Most doctors recommend yearly lab testing to monitor your general health. Mira offers four essential health panels you can order for same-day testing. No doctor visit required. Mira members can also receive $49 routine blood work, $25 lipid panels, $99 STD panel, $19 A1c, and $35 Vitamin D test - no hidden fees. Read on to learn more about how to interpret your lab test results.

Common Lab Tests

Depending on your age, symptoms, and family medical history, your doctor may recommend various lab tests to get a better idea of your current health status or diagnose diseases. If you are obese, have diabetes, smoke, or have other significant underlying health conditions, doctors may order more specific lab tests. Some baseline lab tests are explained below:

  • Complete Blood Count: A complete blood count (CBC) test checks for levels of different components of every major cell in your blood. CBCs look at white blood cells, red blood cells, hemoglobin, hematocrit, and plasma.
  • Basic Metabolic Panel: Basic metabolic panels (BMP) assess electrolyte balance, as well as liver and lung function. Basic metabolic panels include 8 specific tests: glucose, calcium, sodium, potassium, bicarbonate, chloride, blood urea nitrogen, and creatinine. Your doctor may ask you to fast for 10-12 hours before the test to get the most accurate results.
  • Comprehensive Metabolic Panel: A comprehensive metabolic panel (CMP) includes the same tests as a basic metabolic panel with the addition of liver panel tests. The liver panel includes 6 tests to look at proteins and liver enzymes. If you have a known liver condition, your doctor may suggest a comprehensive metabolic panel over the basic metabolic panel.
  • Lipid Panel: Lipid panels test for both high-density lipoprotein (HDL), “good” cholesterol, and low-density lipoprotein (LDL), “bad” cholesterol. A lipid panel assesses your risk of developing cardiovascular disease, heart attacks, and strokes.
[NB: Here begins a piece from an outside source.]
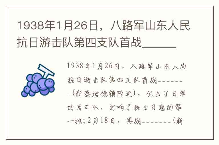 1938年1月26日,八路军山东人民抗日游击队第四支队首战_______(新泰楼德镇附近),伏击了日军的马车队,打响了抗击日寇的第一枪;2月18日,再战_______(新泰西张庄镇),炸毁敌大小汽车各1辆,炸死炸伤日军40余人,其中有大佐一名。
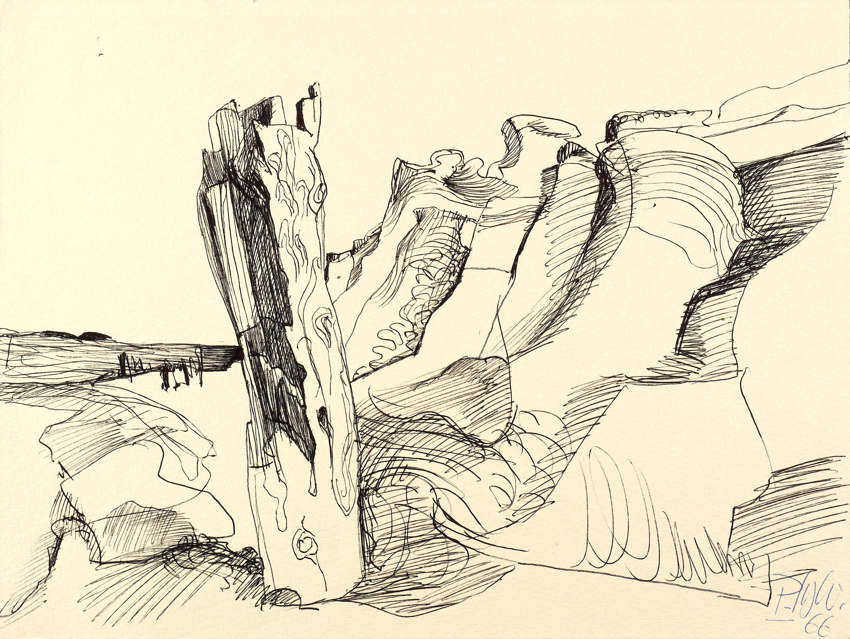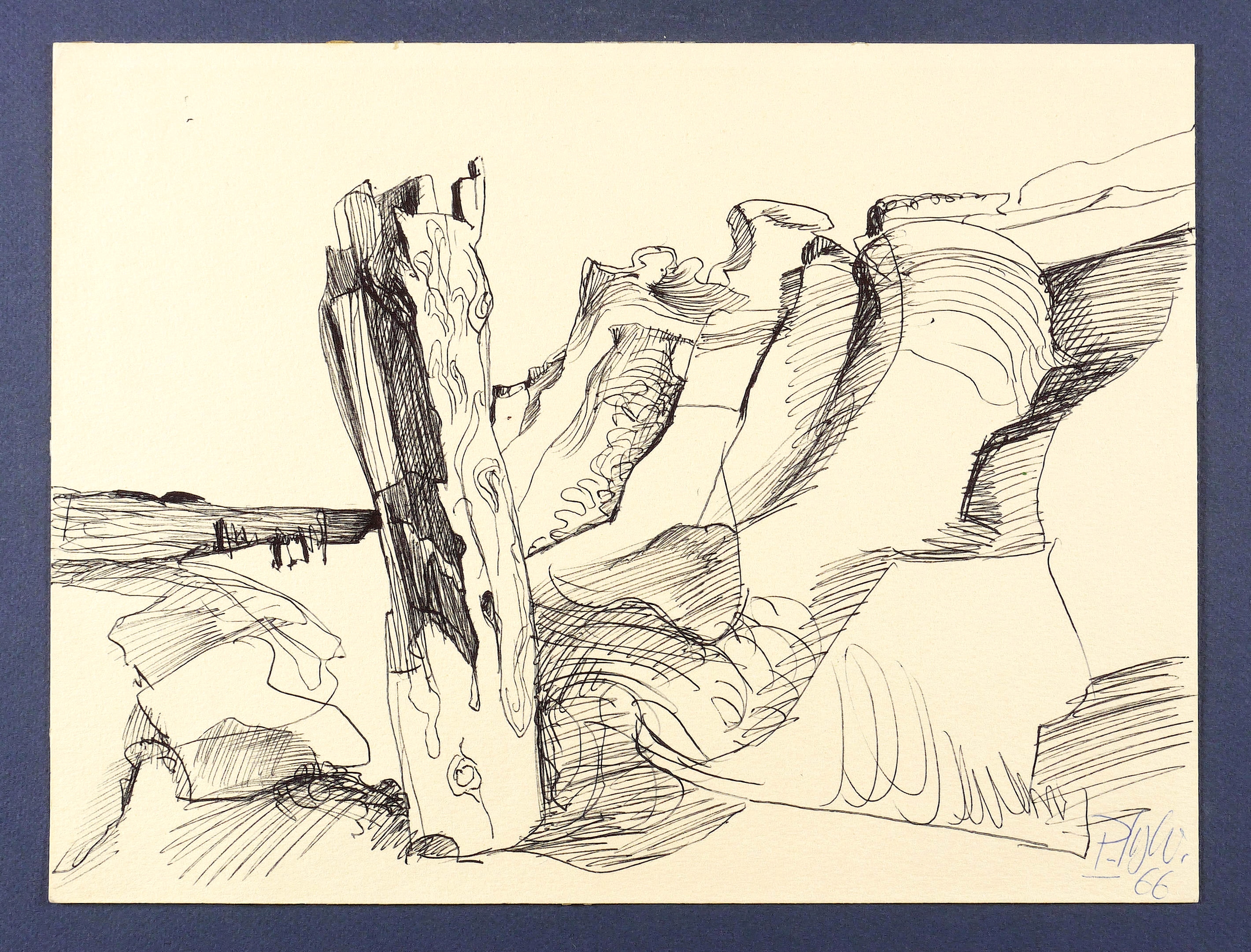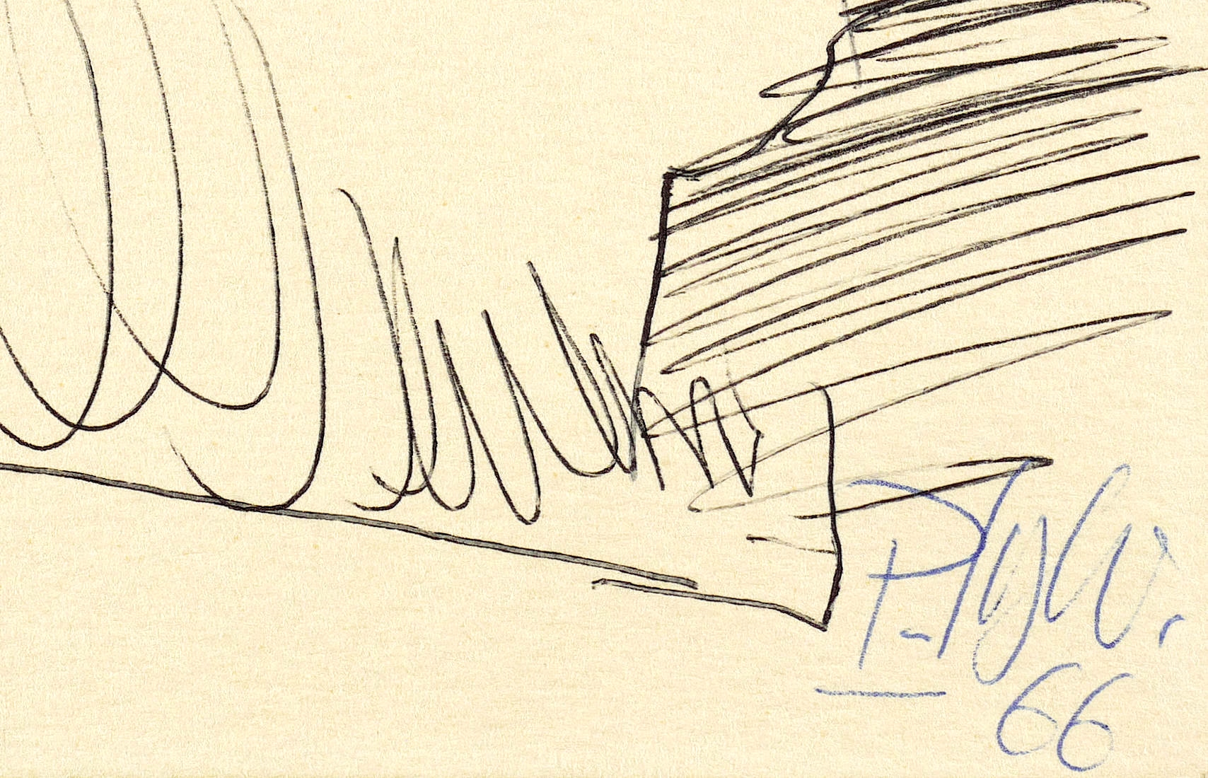 1966. Zeichnung / Kugelschreiber, in Schwarzblau, auf gelblichem Aquarellkarton. – Originale Künstlergrafik, von Peter Sylvester. – Unikat. – 24,0 x 32,0 cm (Darstellung / Blatt).

Getting regular lab testing is an important way to manage your health and catch any diseases before they progress. Henry Harrison from BlueBiology explains, “If you are looking to reduce your risk of certain diseases and complications, then regular blood tests may be the answer for you. Standard blood tests have the ability to catch warning signs of a variety of diseases during onset. Cardiovascular disease, liver failure, and kidney conditions and diabetes can all be diagnosed and confirmed through blood testing.”

Lab Test Results

Lab test results are shown as a set of numbers called a reference range, which is the “normal” range results should be in for healthy individuals. If your lab test results are outside of the reference range, don’t panic. “Abnormal” results do not necessarily mean there is something wrong, but rather something to discuss with your doctor. It may be okay if some of your lab results are out of the reference ranges due to medications you are taking, family history, or pre-existing medical conditions. 

Below are some other terms that may appear on your lab results: 

  • Negative or normal means the disease or substance being tested was not found in the test.
  • Positive or abnormal means the disease or substance being tested was found in the test.
  • Inconclusive or uncertain means there wasn't enough information in the results to diagnose or rule out a disease. If you get an inconclusive result, your doctor will probably recommend you get additional tests.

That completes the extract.